4.3 Multi-layer perceptron
Multi-layer perceptron is a supervised learning algorithm that learns a non-linear function approximator for regression. Between the input and the output layer, there can be one or more hidden layers and non-linear activation function [44]. The hidden layer sizes and activation are the most important parameters to determine the performance of multi-layer perceptron. The solver is ‘adam’. L2 penalty (regularization term) parameter is 0.0001. The learning rate is constant and the initial learning rate is 0.001.
As shown in Table 2, 12 cases were tested.
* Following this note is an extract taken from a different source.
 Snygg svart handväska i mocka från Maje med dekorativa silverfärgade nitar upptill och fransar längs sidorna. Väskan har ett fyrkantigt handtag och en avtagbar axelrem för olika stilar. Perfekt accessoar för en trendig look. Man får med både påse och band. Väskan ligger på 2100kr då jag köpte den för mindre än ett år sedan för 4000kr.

The results from case 1 to 9 are used to identify the effects of hidden layer sizes, and the results from case 10 to 12 and case 1 are used to identify the effects of activation. It is shown from Fig 8 the first layer size plays a dominant role in the predicted accuracy and computation time. Meanwhile, the predicted accuracy and computation time are not sensitive to the activation functions except for ‘identity’. It is noteworthy that multi-layer perceptron is a time-consuming learning method, which takes time of two orders of magnitude more than K-nearest neighbor algorithm.
4.4 Support vector machines
Support vector regression is extended from support vector classification. In the support vector regression, the inner product in high dimensional space is skillfully solved by introducing kernel function, and the nonlinear regression problem is well realized [45]. The selection of the kernel function parameter and error penalty factor affected the precision of the support vector machine significantly. Kernel coefficient is default as ‘scale’.
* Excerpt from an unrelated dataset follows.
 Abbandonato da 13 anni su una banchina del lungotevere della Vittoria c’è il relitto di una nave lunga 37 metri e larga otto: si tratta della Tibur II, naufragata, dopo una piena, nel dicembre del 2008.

Six cases with different parameters in Table 3 were tested. The results from case 1 to 4 are used to identify the effects of kernel function, and the results from case 5 to 6 and case 1 are used to identify the effects of error penalty factor of C. It is shown from Fig 9 that kernel function has significant influence on the predicted accuracy and computation time. In comparisons among cases from 1 to 4, kernel of ‘rbf’ has best learning performance for seven-hole probe calibration. Error penalty factor of C has little effects on the accuracy but affects the computation time significantly.
4.5 Decision trees and random forests
Decision trees are a kind of tree structure, in which each internal node represents a decision on an attribute, each branch represents the output of a judgment result, and finally each leaf node represents a classification or regression result [46]. Maximum depth is the distance between the node and the root of decision tree. When the depth reaches the specified number, the splitting will be stopped. The criterion is chosen to be ‘squared_error’. The minimum number of samples required to split an internal node is 2. The minimum number of samples required to be at a leaf node is 1.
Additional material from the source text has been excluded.